As it is, every .npy file with metadata is already unreadable by np.load, so no harm would be done.
Please correct me if I am wrong.

ninousf · 2023-02-09T17:08:49Z

It's true that I use it just before saving HDF5 array in zarr store. But in your case, if you have already files with metadata, i do not know if you can force the dtype in np.load or take only the buffer part of the array, not the dtype part Le jeu. 9 févr. 2023 à 15:00, Sjoerd de Vries ***@***.***> a écrit :

…

If I understand correctly, this allows a programmer to side-step #23169 <#23169>, but doesn't fix it directly. To fix it, utils.dtype_without_metadata must be invoked by np.save. As it is, every .npy file with metadata is *already* unreadable by np.load, so no harm would be done. Please correct me if I am wrong. — Reply to this email directly, view it on GitHub <#23185 (comment)>, or unsubscribe <https://github.com/notifications/unsubscribe-auth/AH75LVJG25HW5GIRFZ7QQBLWWT2ABANCNFSM6AAAAAAUWQRNNA> . You are receiving this because you authored the thread.Message ID: ***@***.***>

seberg · 2023-02-09T18:15:05Z

@ninousf you can. You could also edit the file pretty easily, but both requires deeper dives into the header parsing code. If anyone wants to try and help with a solution, it might make sense to create a simple recipe for how to solve it and then refer to it from the current error.

sjdv1982 · 2023-02-09T18:34:34Z

@ninousf you can. You could also edit the file pretty easily, but both requires deeper dives into the header parsing code. If anyone wants to try and help with a solution, it might make sense to create a simple recipe for how to solve it and then refer to it from the current error.

I could help, but I am still not sure which problem(s) you would like to have solved.

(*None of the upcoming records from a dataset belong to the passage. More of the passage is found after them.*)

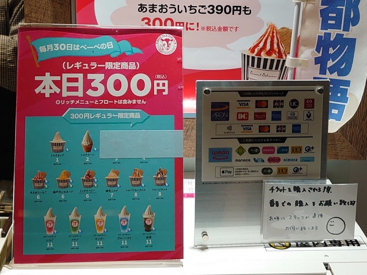 シーズンで、色んなキャンペーンをされているようですが、毎月30日はべーべの日ということで、レギュラー限定商品が300円になるという素敵な企画になります。
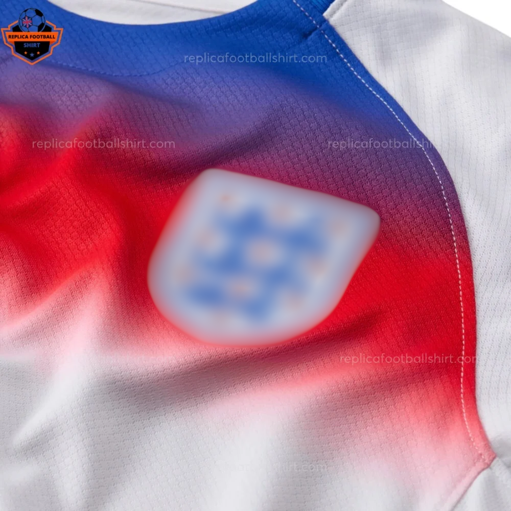 - Embodying national pride, the England Home Women’s Replica Football Shirt 2025 features a classic white base adorned with striking blue and red accents.
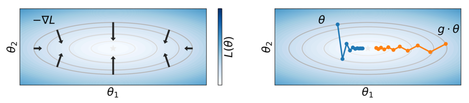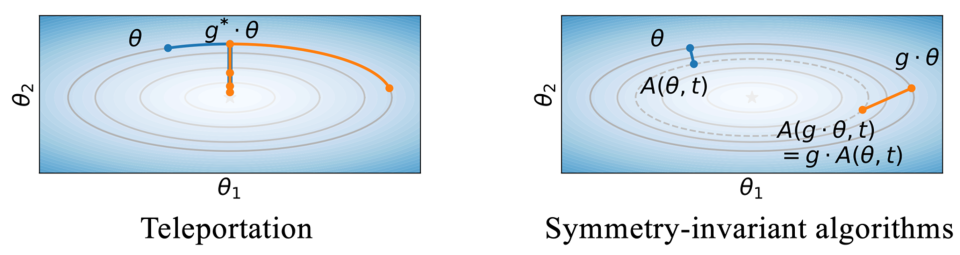 这种 “等损失、不同梯度” 的现象为算法设计带来了新的可能。部分优化方法尝试在等价轨道中主动寻找梯度更优的点,以加快收敛或改善最终解的性质(图 5 左);另一些方法则追求对称不变性,让优化结果对初始点的等价变换不敏感(图 5 右)。
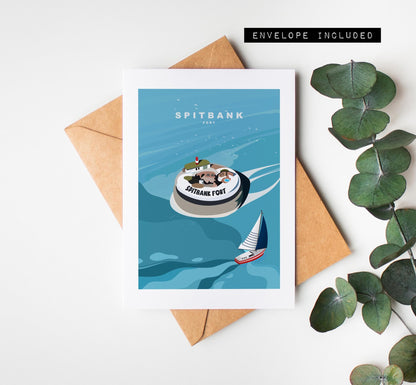 Spitbank Fort Greeting Card - Portsmouth and Southsea Cards (Travel Designs) - Blank Inside or Include Message - Envelope Included
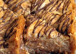 3. Brush cookie sheet with butter, layer 8 phyllo sheets, brushing each with butter. Layer 2 cups nut mixture. Layer 4 more phyllo sheets, buttering each. Layer nuts and phyllo several times until nut mixture is gone, and end with phyllo. Drizzle with remaining butter.
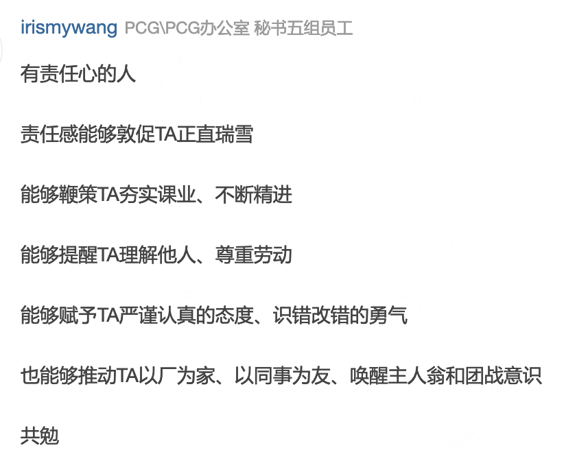 鹅厂小记者盘点了近期公司管理层的发声,也通过话题“你想和什么样的人成为同事”进行了内部意见征集,在获取的答案中,“自驱力”、“责任心”等一些关键词高频出现,“逻辑严谨性”、“思辨能力”也备受重视,甚至“实在”、“聪明”等形容词也是关注点之一。
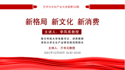 2021年12月9日晚,yl9193永利集团艺术与文化产业大讲堂第33期在线上顺利举行。本次讲座特别邀请到南方科技大学党委书记兼讲席教授、深圳大学文化产业研究院创院院长李凤亮教授,就《新格局、新文化、新消费》这一主题进行分享。讲座由yl9193永利集团万书元教授主持,yl9193永利集团文化产业系的夏洁秋、解学芳、黄松、穆晨、潘炜、...
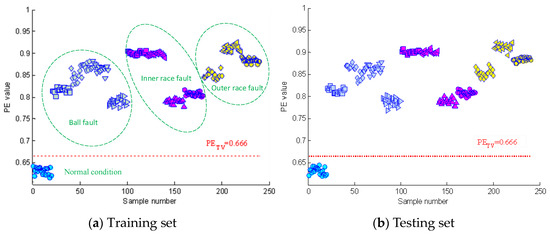 where and are the mean value and variance of PE values of normal bearings respectively, and the probability upper bond is actually the false alarm rate. It means that the probability of the PE values of normal condition with greater than should be no more than . Here, the upper bond can be set as the threshold value. Let PE(i) denotes the i-th data point of PE. Then, for N samples, its health judgment threshold value can be obtained as:
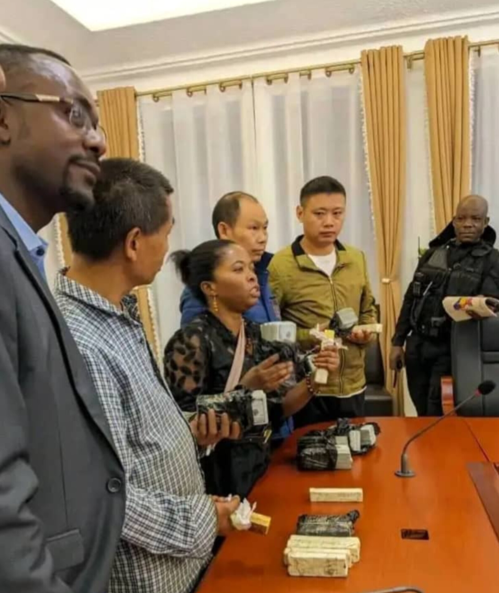 Accompagné de ces services, le gouverneur de la province du Sud-Kivu, Jean-Jacques Purusi, a arrêté, le samedi 04 janvier 2025, trois ( 3 ) trafiquants chinois, en possession illégale de 10 lingots d’or ainsi que 800.000 dollars américains en espèce.
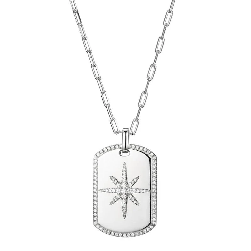 Charles Garnier Charles Garnier Sterling Silver Necklace Made With Paperclip Chain (2mm) And CZ Starburst Pendant (34x2mm)
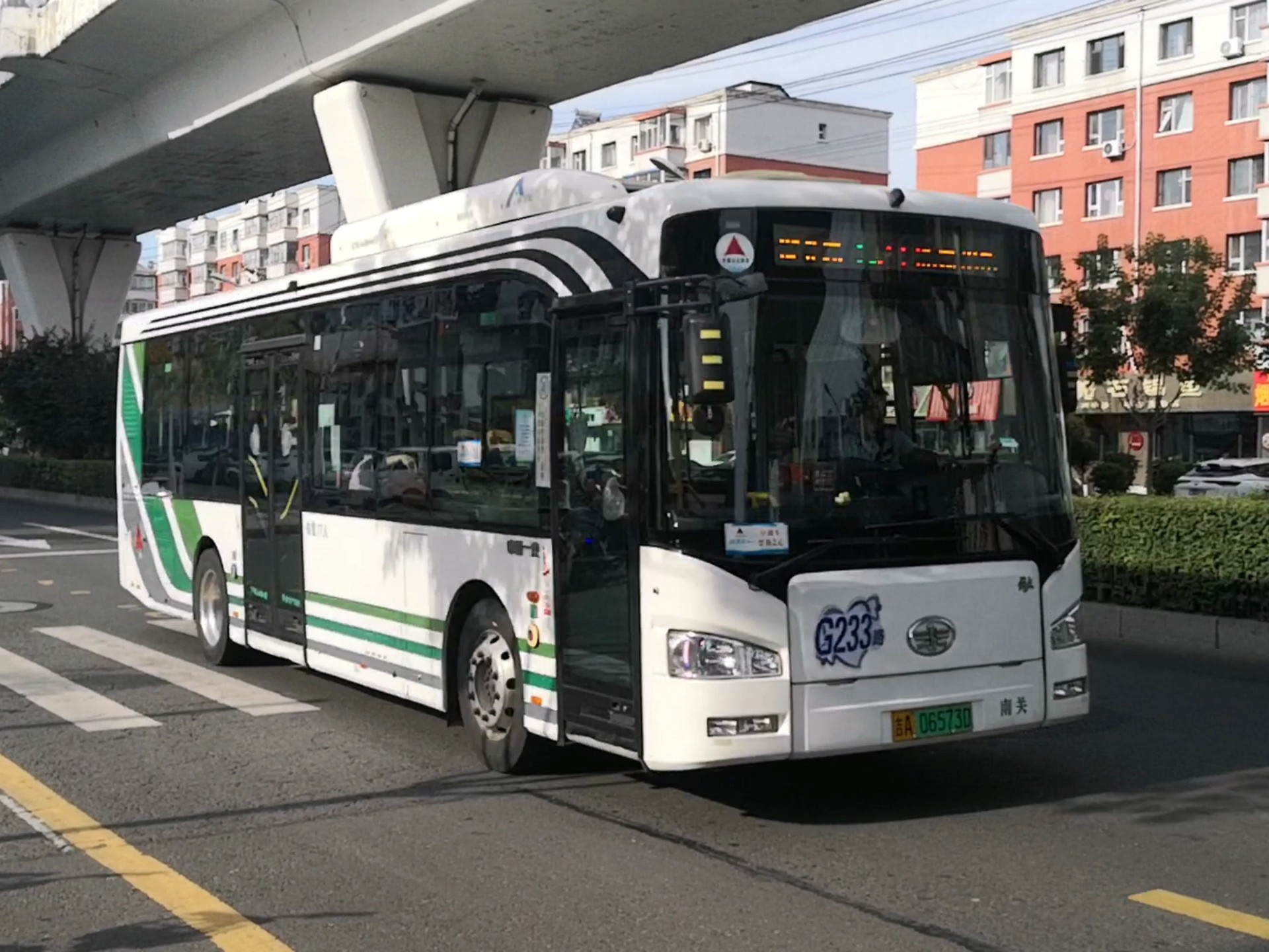 g233路一汽ca6100urbev25型纯电动公交车通过临河街
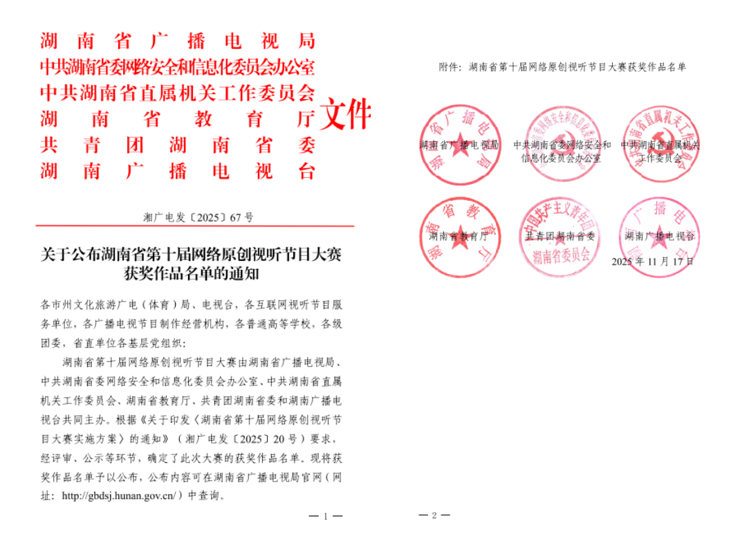 近日,在湖南省第十届网络原创视听节目大赛非剧情类单元微党课板块中,由太阳成官网党委书记沈贤岚、党委副书记莫南领衔创作的两部微党课作品,分获二等奖与三等奖,展现了太阳成官网在党建与思想政治教育工作中的积极作为与扎实成效。

Force npy.save to strip metadata, just because npy.load currently can't read any of them. This is a one-liner.
Amend the dtype constructor so that it guesses between metadata and shape information, instead of assuming shape information (the current case). This is complicated, and what ENH: better handle dtype creation with metadata #15962 tries to do.
In addition to 2., support np.load header parsing for safe_eval'able metadata. This is easy enough to do, but I am not sure it has practical value. h5py metadata is not safe_eval'able.
In addition to 2., support np.load header parsing for non-safe_eval'able metadata, e.g. headers containing dtype and class expressions, as written by h5py. That would allow the loading of h5py-exported .npy files, but carries a security risk.

Personally, I don't need any of these, the current PR will solve all of my problems.

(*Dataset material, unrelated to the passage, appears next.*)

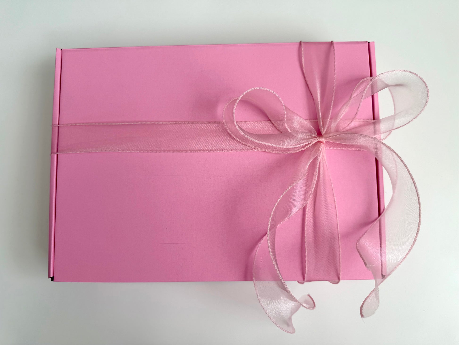 All items come beautifully arranged in a pink aesthetic gift box, tied with a satin ribbon and ready to gift — no extra wrapping needed!
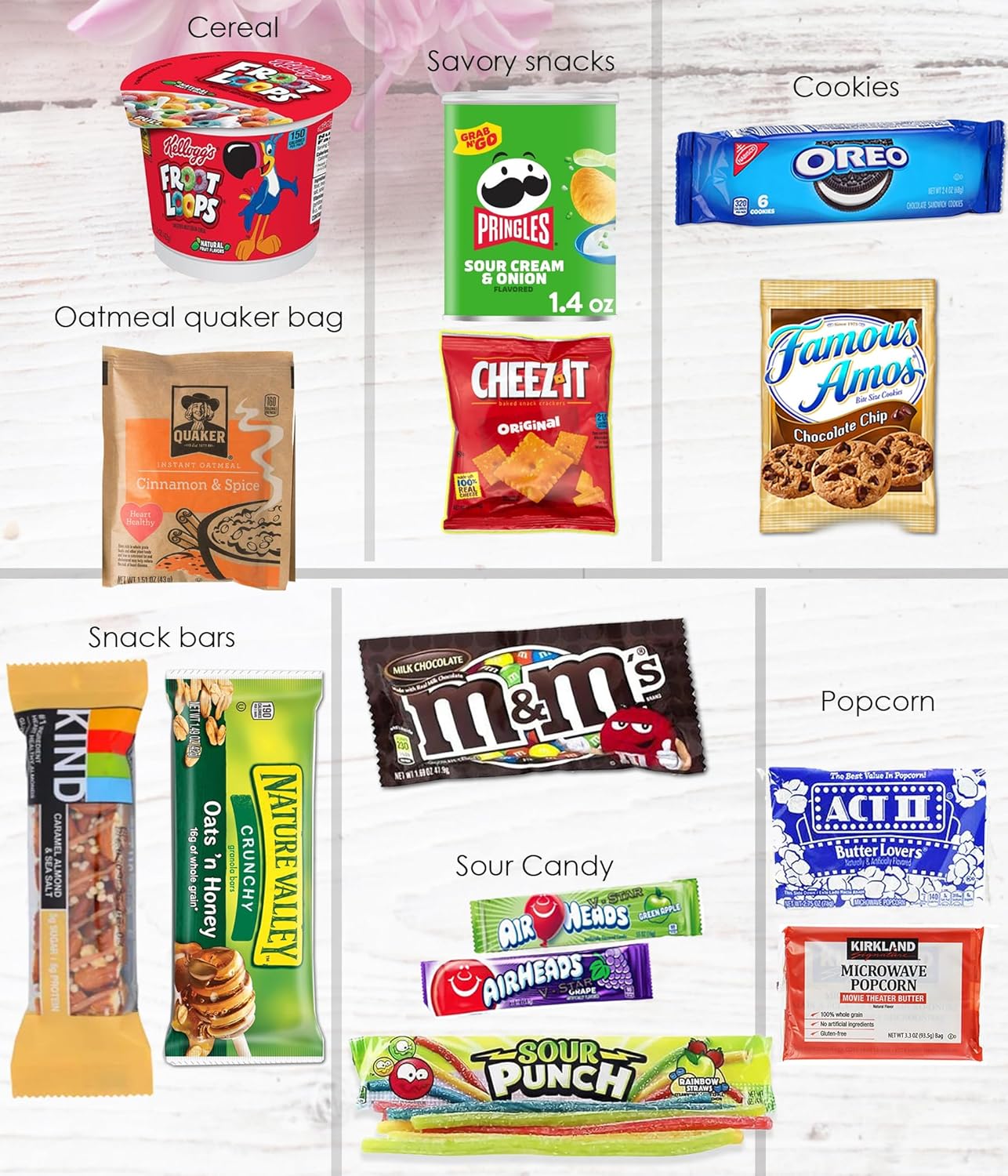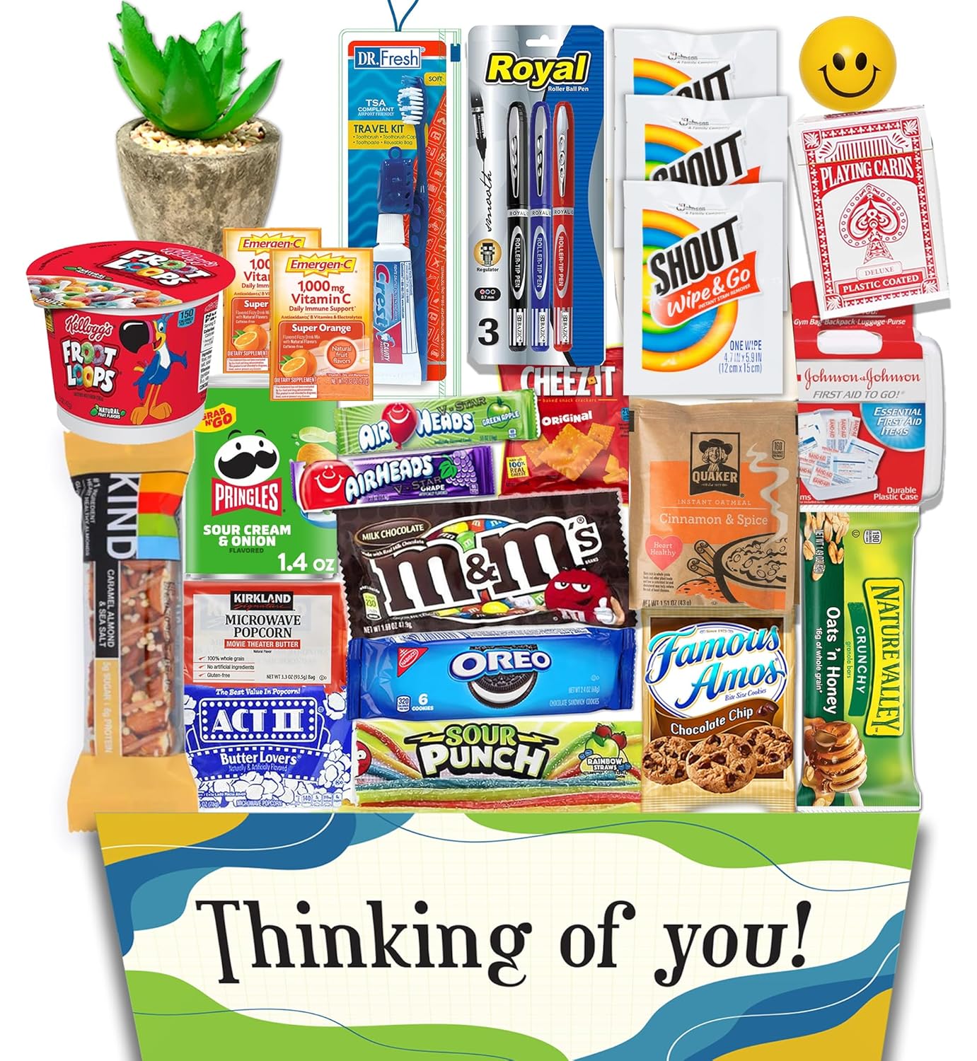 - Delicious snacks: Perfect gift basket From sweet to savory, we've got all the snacks a college student could want, including 2 snack bars, 2 savory snacks, 2 sour snacks, 2 cookies packs, oatmeal, cereal & M&M

seberg · 2023-02-09T20:27:13Z

I would be in favor of doing 1., potentially with a warning (not sure its actually worth it since its annoying). All else seems a lot of hassle for no clear gain (since I doubt you need to round-trip via the h5py metadata). I could imagine the error to have some bread-crumbs for unlucky folks who ended up storing with metadata.

ninousf · 2023-02-11T08:30:42Z

In my case, this function solves the problem when a library (like zarr) use descr to build dtype in the save function (not in load for npy format).
the issue is when you pass descr with metadata to dtype constructor, sometimes it works, sometimes not:

`
dt = np.dtype('S8', metadata={'msg': 'Hello'})
s_dt = np.dtype([('toto', dt)])
#s_dt2 = np.dtype(s_dt.descr) <= KO
print('metadata in descr', s_dt.descr)

dt = np.dtype({'names': ['r','g','b','a'],
'formats': [np.uint8, np.uint8, np.uint8, np.uint8]}, metadata={'msg': 'Hello'})
s_dt = np.dtype([('toto', dt)])
s_dt2 = np.dtype(s_dt.descr) # <= OK
print('metadata not in descr', s_dt.descr)
`
to avoid these weird issues, i made this function in order to clean dtype when you want to store an numpy array no matter the file format (npy, zarr, ....)

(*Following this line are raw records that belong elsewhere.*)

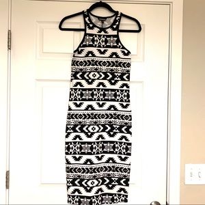 Express geometric black & white racerback midi bodycon dress
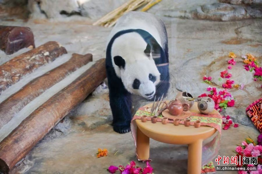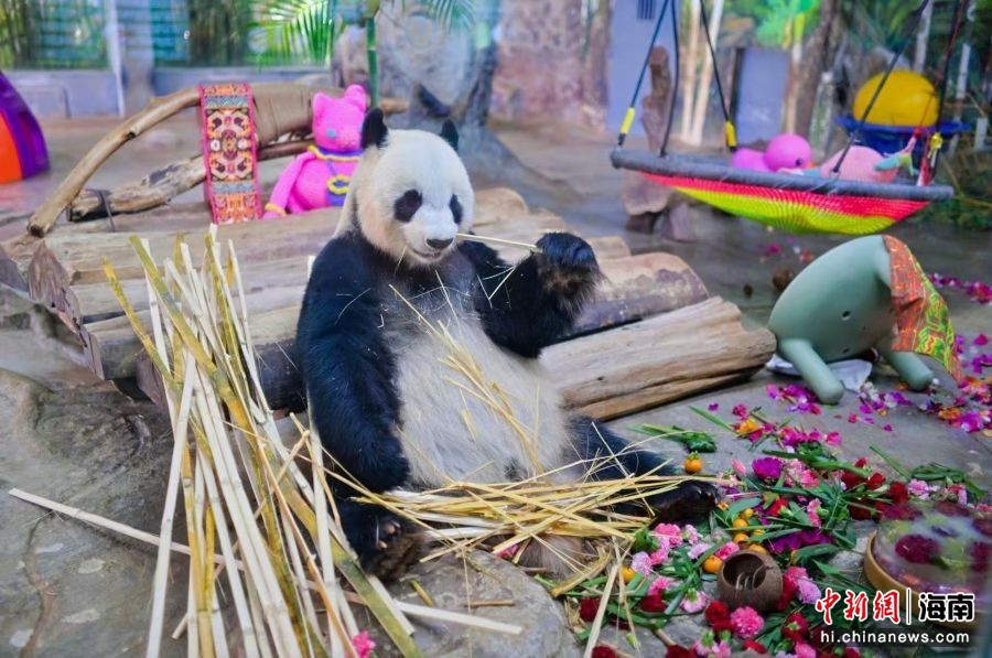大熊猫贡贡在享用登岛主题大餐。海南热带野生动植物园供图
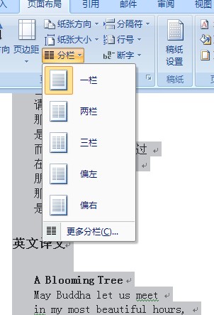 3,分栏那里设置有一栏到三栏,还有偏左和偏右,可以根据自己的需要来选择。这里我选择的是三栏。
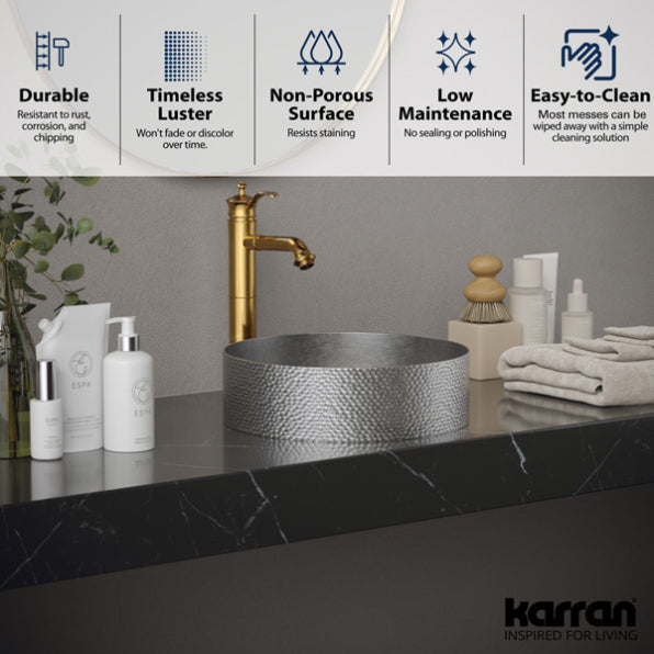 The Cinox Round Hammered Stainless Steel Vessel Sink offers a beautiful balance of luxury and function. Whether you’re redesigning your bathroom or starting from scratch, its striking design and durable construction ensure it remains a statement piece for years to come.
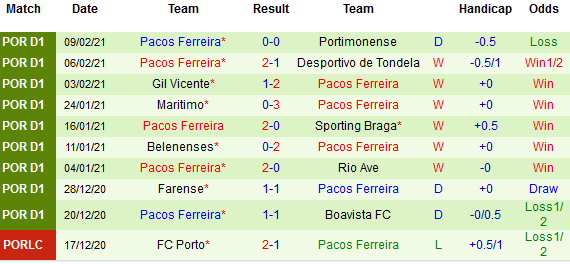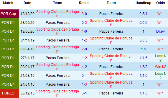 Sporting Lisbon cũng là đội duy nhất còn lại trong các giải hàng đầu châu Âu hiện nay giữ được thành tích bất bại khi có tới 15 chiến thắng, 3 trận hòa sau 18 trận. Đáng nói, Pacos Ferreira đã trở thành con mồi ưa thích dành cho đội chủ nhà khi họ toàn thua cả 10 lần gặp nhau gần nhất.

It can resolve the problem n.1. It is true that allowing a file to be stored in the knowledge that it cannot be re-read, is a bug for me

seberg

Was your plan to just use this internally for now? In that case things are maybe a little bit simpler to settle quickly.

While dealing with structured dtypes can be in Python in either case, it does need to recurse via dtypes.fields (or names, but fields might almost be easier, there are also "titles"?).

I understand the urge to run auto-formatting, but we don't do it yet in NumPy and the it does make the diff a bit unwieldy in this case.

seberg · 2023-02-13T20:26:51Z

numpy/lib/tests/test_utils.py

+    for k in dir(dt1):
+        if not ((k.startswith('__') and k.endswith('__'))
+                or k in ['descr', 'metadata', 'newbyteorder']):
+            ret &= (getattr(dt1, k) == getattr(dt2, k))


I would write this as:

for ...: if getattr(dt1, k) != getattr(dt2, k): return False return True

You could also check np.can_can(dt1, dt2, casting="no"), since that should only really work only metadata mismatches. (The only issue should be e.g. "long" and "longlong" which on most systems, except windows, are the same).

So, I am fine with this also, it is at least thorough and easy enough to read.

seberg · 2023-02-13T20:43:04Z

numpy/lib/utils.py

+    result : dtype
+        Dtype containing no metadata
+    """
+    descr = dt.descr


We could do this in python as a utility, implementing it as dtype.drop_metadata() or so would have the advantage of easier generalizing user DTypes.

Fields can be nested, so I think this must use a recursive approach. I.e. check dtype.names is None if it is we should iterate dtype.fields, if not check dtype.shape != () (not a subarray). After that, we would have to assume dtype.str works (for now).

Both structured (names and shape) will need to then call the function again recursively.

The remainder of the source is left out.